= WORK ITEM =
The following data is to be repeated exactly, its pictures excluded.

= PROVIDED DATA =
# # # #
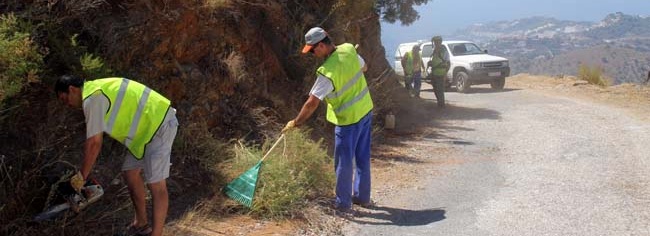 La Concejalía de Medio Rural del Ayuntamiento de Almuñécar lleva a cabo la limpieza y desbroce del acceso al Pago de Cantalobos por la urbanización Rancho Río Verde.
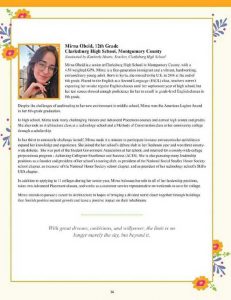 ميرنا ذات الـ 18 ربيعاً تستذكر مراحل دراستها منذ قدومها مع أهلها إلى أمريكا وهي في الصف السادس حيث بدأت بالتميز من خلال حصولها على أعلى علامة في الامتحان النهائي لمادة الاجتماعيات والتي تساعدها على التخرج في أي جامعة أمريكية من غير التقديم على بعض المواد.
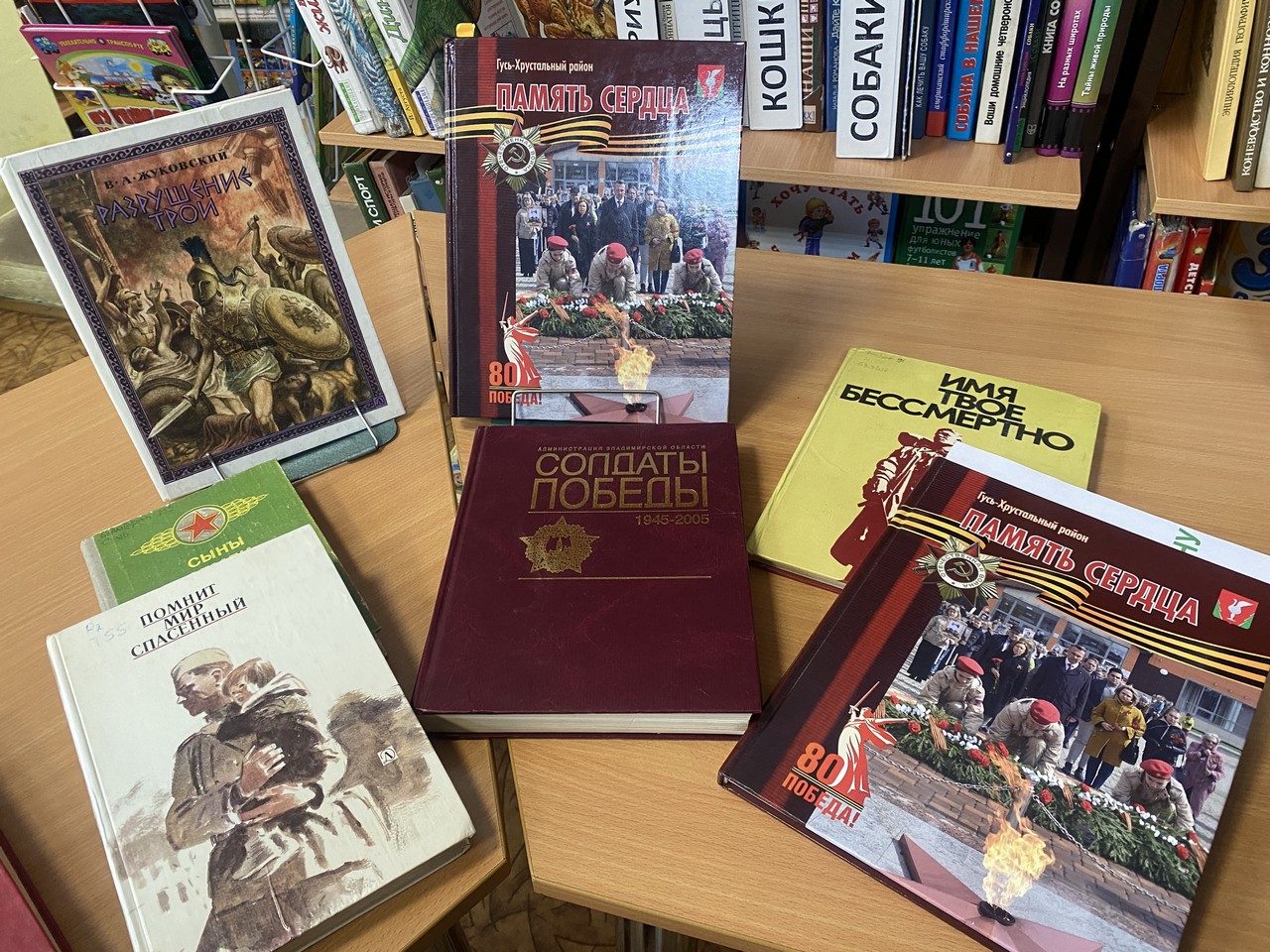 Учащиеся вспомнили о подвигах 12 земляков, Героях Советского Союза, о которых подробно рассказано в книге «Гусь-Хрустальный район. Память сердца», изданной в прошлом году. Ребята с замиранием сердца слушали рассказы о наших соотечественниках, чья жизнь и героические подвиги являются ярким образцом подражания для подрастающего поколения. Кроме того, учащиеся познакомились с Книгой Памяти, куда включены имена участников Великой Отечественной войны, а также читали письма с фронта земляков-фронтовиков.
# # # #
= YOUR RESPONSE =
 La Concejalía de Medio Rural del Ayuntamiento de Almuñécar lleva a cabo la limpieza y desbroce del acceso al Pago de Cantalobos por la urbanización Rancho Río Verde.
 ميرنا ذات الـ 18 ربيعاً تستذكر مراحل دراستها منذ قدومها مع أهلها إلى أمريكا وهي في الصف السادس حيث بدأت بالتميز من خلال حصولها على أعلى علامة في الامتحان النهائي لمادة الاجتماعيات والتي تساعدها على التخرج في أي جامعة أمريكية من غير التقديم على بعض المواد.
 Учащиеся вспомнили о подвигах 12 земляков, Героях Советского Союза, о которых подробно рассказано в книге «Гусь-Хрустальный район. Память сердца», изданной в прошлом году. Ребята с замиранием сердца слушали рассказы о наших соотечественниках, чья жизнь и героические подвиги являются ярким образцом подражания для подрастающего поколения. Кроме того, учащиеся познакомились с Книгой Памяти, куда включены имена участников Великой Отечественной войны, а также читали письма с фронта земляков-фронтовиков.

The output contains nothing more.